I turned to Miso. “It’s you.”

“Is that…a ferret?” the female judge asked.

“A weasel,” Morgan replied, pride saturating her words.

“As in you’re sly and sneaky?” the male judge asked.

“No.” Morgan’s expression dropped a fraction. “Weasels are adventurous. They’re heartful.”

Both judges eyed her with suspicion. A poorly-constructed graphic of Morgan running crossed the bottom of the screen with a hammer held up in her hand. The eee-eee-eee stab sound played.

Fury coursed through my veins. How dare they portray her in such a cruel and misleading way?

How dare they dismiss what she said like that? I wouldn’t exactly characterize Miso as heartful, but Morgan earnestly would. She had created a well-crafted piece of art out of garbage, and she’d given a thoughtful explanation as to why she made it.

Morgan deserved better.

Frustrated on her behalf, I rose from my seat and paced between the bed and the television as the judges went through the rest of the pieces.

Miso watched me from her spot on the bed, one eye open.

Waylen called the top and bottom three.

Morgan was neither.

How she hadn’t made the top, I had no idea.
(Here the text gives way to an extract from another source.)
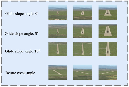 Based on the concepts of the ILS’s glide slope and localizer, additional datasets are needed to train the regression model to obtain the distance to the runway from different angles. By collecting data from specified locations in X-Plane 11, a total of approximately 15,000 images were gathered. Using the trained YOLOv8 model, a 200 × 200 pixel area extending outward from the bounding box center was used as the dataset. The data collection method involved calculating the deviation angle to determine specific position points and obtaining the aircraft’s relative distance to the runway for annotation. The information on data collection is shown in Table 1. The applicable range of this study enables effective runway distance and angle estimation within a 10-degree lateral deviation and a 10-degree longitudinal deviation from the runway. Figure 4 shows the cropped images from different angles.

I punched my thumb onto the remote, and the screen went black.

“The way she’s being treated is inexcusable,” I told Miso.

She closed the eye she’d had open, completely ignoring me.
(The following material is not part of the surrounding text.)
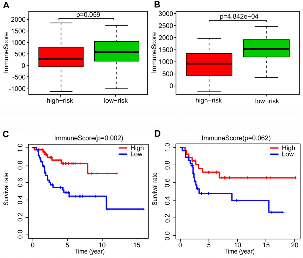 Firstly, we used the “limma” package in R software to normalize the matrix data of gene expression [44]. Then, immune score of each sample was computed by ESTIMATE algorithm according to the normalized gene expression [45].

Irritation fueling me, I kept pacing. I tried to sit but couldn’t handle staying still. Eventually, I decided a change of scenery might help, so I walked the hotel halls, took the stairs to the lobby, and walked for a while there before returning to our room.

Miso wasn’t on the bed.

I did a quick search in the hall, a small flare of concern rising in my chest, before I spotted her tucked happily into her cage, sleeping in her ferret hammock. The door to the cage was still shut, the latch in place.

I didn’t have long to wonder about Miso’s escapist ways before I heard the click of the door opening.

Morgan burst into the room, her eyes wide, her grin wider. Her hair fell in loose waves over her shoulders. The room felt brighter with her in it.